Bill – who is now 88(!) – and Sandra, a strong force when women began to gain prominence in the wine business, are living the quiet life near Seattle. But Bill is certainly not being quiet as he’s ripping it up in his forthcoming book, Dissidence
and Wine Industry Politics. I always knew that McIver was an outspoken kinda guy, but I didn’t realize what a political activist he was until – in full disclosure – I became the technical reviewer of the book. But in addition to taking the Wine Institute and Sonoma politics to task, the book is also a diary of sorts about how the McIvers built sweat equity formulating the Matanzas brand, first with winemaker Merry Edwards and then David Ramey. Relevant to this post, the McIvers were always media savvy, working the press, respecting its import, and benefitting greatly from it by attaining third-party endorsements. From me, included. An excerpt from the book proves the point regarding media relations as Matanzas strove to be on a larger stage:
“We were minimally ready to compete nationally but by carefully allotting cases, increasing production a thousand or so cases every year, and with our publicity we could string the market along for a couple of years — show the flag, so to speak. …”
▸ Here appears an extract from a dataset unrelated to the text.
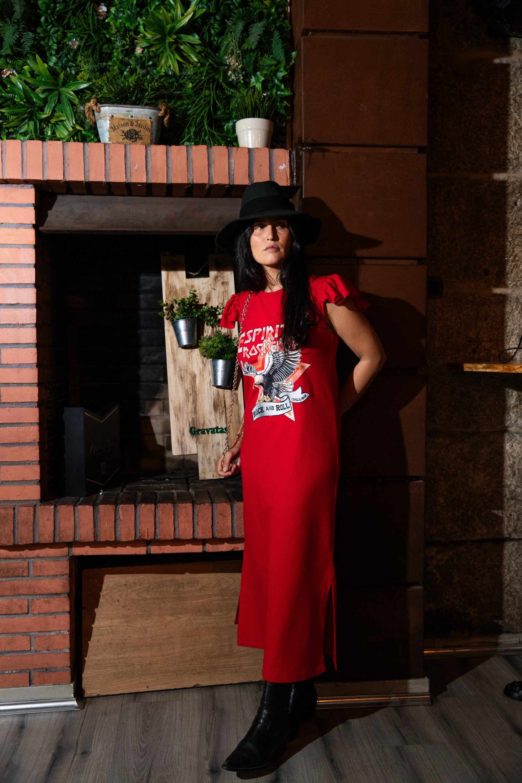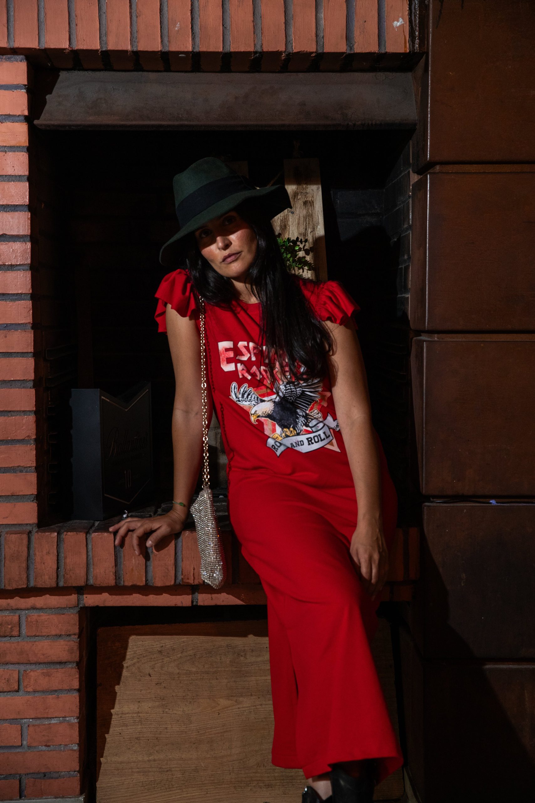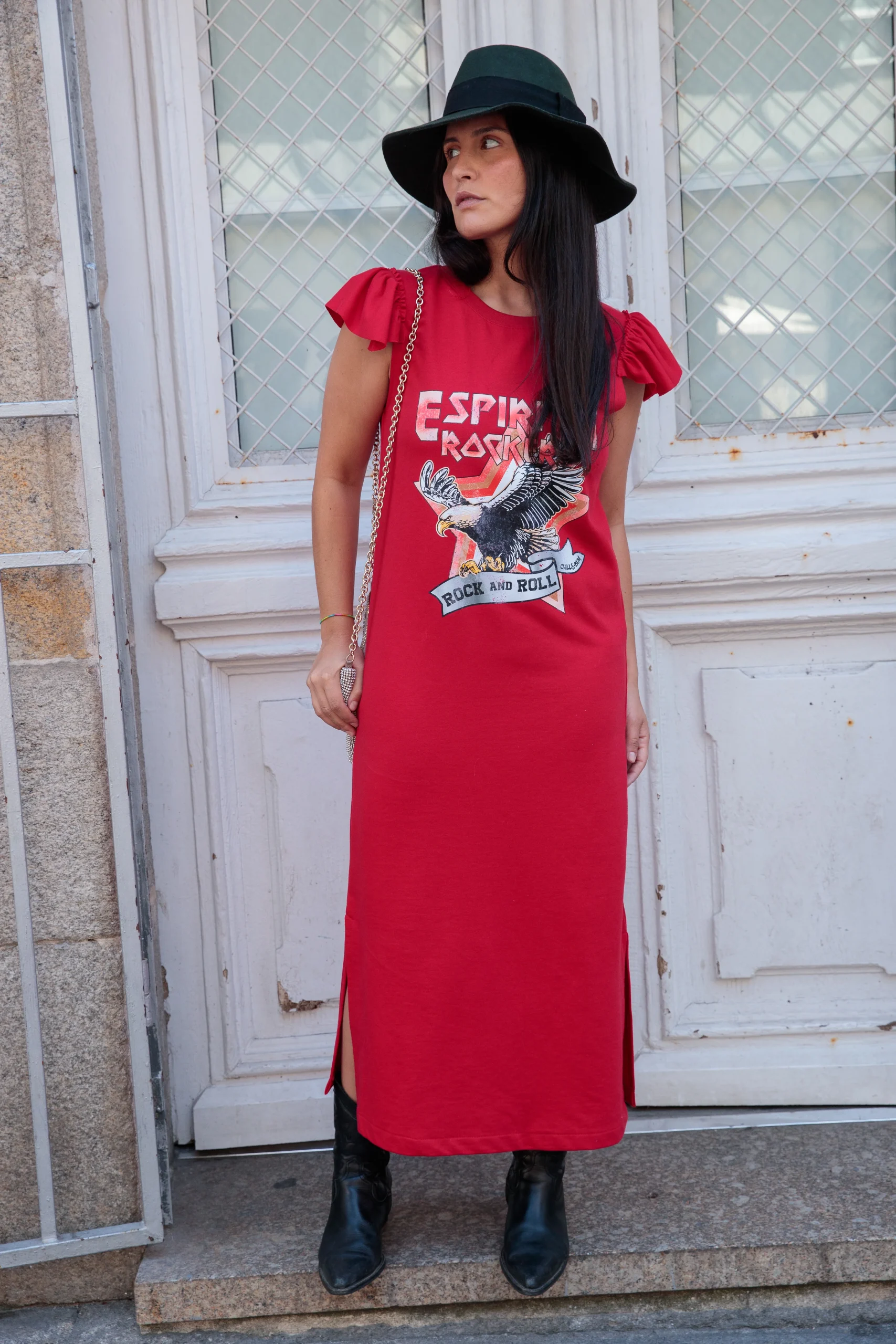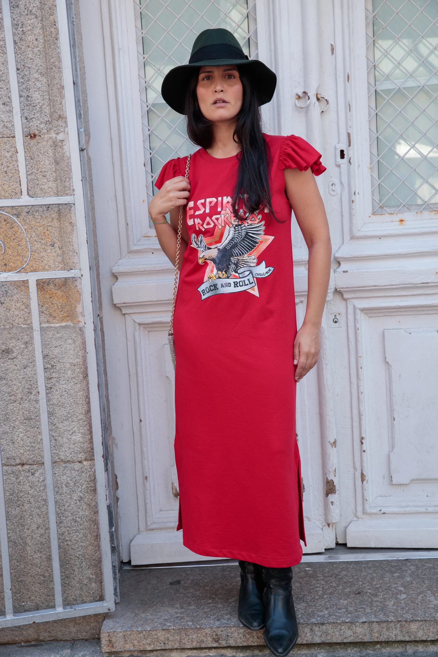 Vestido largo de algodón con print frontal de águila y texto “Espíritu Rockero”. Diseño recto, sin ajuste a la cintura, confeccionado en punto de algodón suave de gramaje medio. Presenta escote redondo, manga corta con volante fruncido tipo butterfly y aberturas laterales en ambos bajos para facilitar el movimiento. Largo por encima del tobillo. Color rojo vivo. No lleva bolsillos.

As for Bernard Portet, he’s mostly retired but can still be found at Clos du Val, where he puts in his considerable sense on wine decisions with du Val’s next generation, comprising winemaker Carmel Greenberg and the new young head of the Stags Leap winery, Olav Goelet.
Last week I visited the beautiful recently designed tasting room and sat down with Bernard and Olav to taste through some of Clos’ wines. I hadn’t tasted them in many years and was satisfied to learn that the wines (not yet made by Greenberg), were still in that sweet spot of French sensibilities – gorgeous fruit, medium-bodied, long-lived and very balanced.
Clos du Val, like many brands that were once at the pinnacle of greatness, considering that its ’72 Cab was one of the reds in Paris in ’76 -- has sadly fallen off the radar of many, who are onto the next big thing. The consumer would be the poorer if they didn’t revisit du Val’s wines just as Portet has stepped aside, and embrace the new regime.